Directions for this task:
In the listing below, find the line with "모집대상 : 펜화에 관심있는" and the line with "1897 erwarb Nübling", then return them and every line between them exactly, minus the pictures.
------
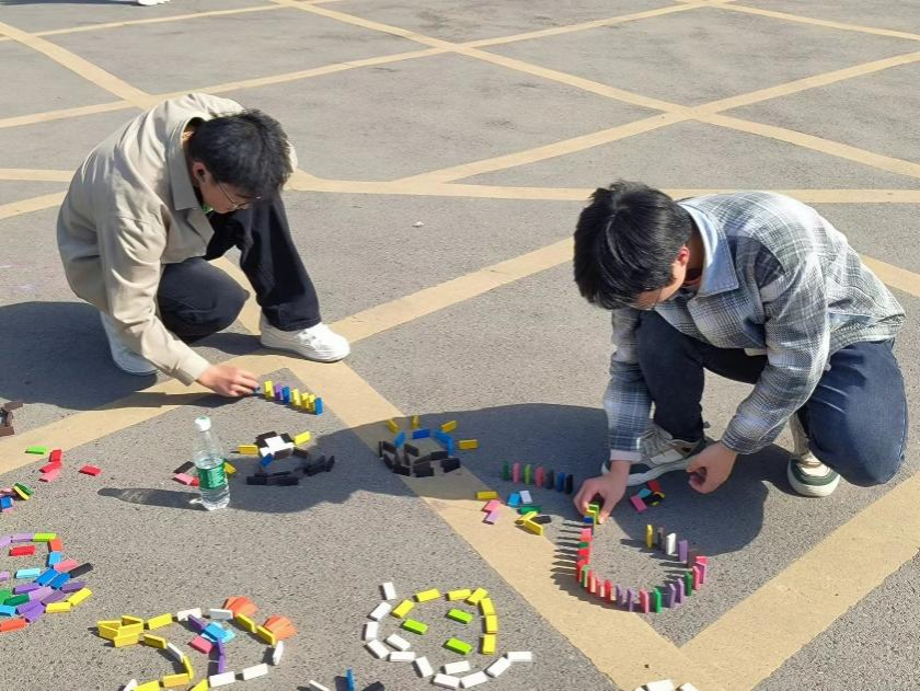 活动要求参与同学用多米诺骨牌摆出自己心仪的图案,它可以是一个数字或字母,也可以是一幅创作。沐浴着春日暖阳,同学们纷纷拾起手中的骨牌,与小伙伴集思广益,协调合作,在体验过程中反复演练试错,推倒重来,最终以小聚大,拼接出一连串五彩斑斓的艺术品。
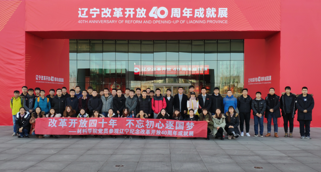 为学习贯彻习近平总书记在庆祝改革开放40周年大会上的重要讲话精神,回望辽宁省自改革开放40年来波澜壮阔的奋进历程,2018年12月20日,材料科学与工程学院组织学生党员参观了由辽宁省委宣传部主办,以“改革开放四十年,不忘初心逐国梦”为主题的辽宁纪念改革开放40周年成就展。材料学院党委组织员商淼及52名党员代表参加了此次活动。
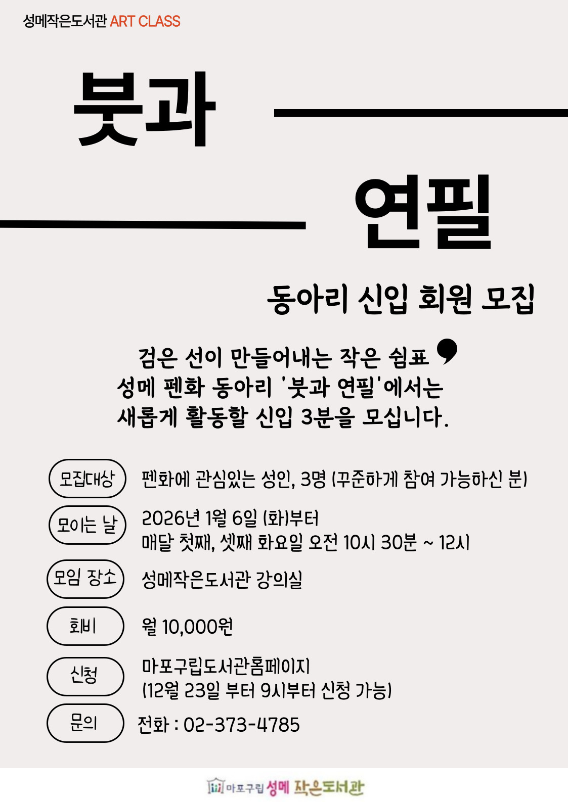 모집대상 : 펜화에 관심있는 성인, 3명 (꾸준하게 참여 가능하신 분) 모이는날 : 2026년 1월 6일(화) 부터 매달 첫째, 셋째 화요일 오전 10시 30분 ~ 12시 모임장소 : 성메작은도서관 강의실 회 비 : 월 10,000원 신 청 : 마포구립도서관홈페이지 (12월 23일 부터 9시부터 신청 가능) 문 의 : 전화 : 02-373-4785
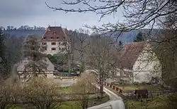 1897 erwarb Nübling das Gelände mit den Ruinen von Burg und Schloss Neusteußlingen oberhalb Talsteußlingen im Schmiechtal. Er ließ die immer noch beachtlichen Baureste[1] abbrechen und errichtete auf der Burg- und Schlossstelle ein schlossähnliches Landgut in historistischem Stil, unter Verwendung der beim Abbruch angefallenen Baumaterialien (Kalksteine)[2]. Der Grundriss der neuen Gebäude im Vergleich zu den Vorgängerbauten wird bei Schmitt[3] wiedergegeben. Nübling betrieb auch die nahegelegene Genossenschaftsmühle Talsteußlingen.
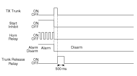 The horn relay is ON one time for 27sec(±2sec) and OFF two times for 10sec(±1sec).
------
Result of this task:
 모집대상 : 펜화에 관심있는 성인, 3명 (꾸준하게 참여 가능하신 분) 모이는날 : 2026년 1월 6일(화) 부터 매달 첫째, 셋째 화요일 오전 10시 30분 ~ 12시 모임장소 : 성메작은도서관 강의실 회 비 : 월 10,000원 신 청 : 마포구립도서관홈페이지 (12월 23일 부터 9시부터 신청 가능) 문 의 : 전화 : 02-373-4785
 1897 erwarb Nübling das Gelände mit den Ruinen von Burg und Schloss Neusteußlingen oberhalb Talsteußlingen im Schmiechtal. Er ließ die immer noch beachtlichen Baureste[1] abbrechen und errichtete auf der Burg- und Schlossstelle ein schlossähnliches Landgut in historistischem Stil, unter Verwendung der beim Abbruch angefallenen Baumaterialien (Kalksteine)[2]. Der Grundriss der neuen Gebäude im Vergleich zu den Vorgängerbauten wird bei Schmitt[3] wiedergegeben. Nübling betrieb auch die nahegelegene Genossenschaftsmühle Talsteußlingen.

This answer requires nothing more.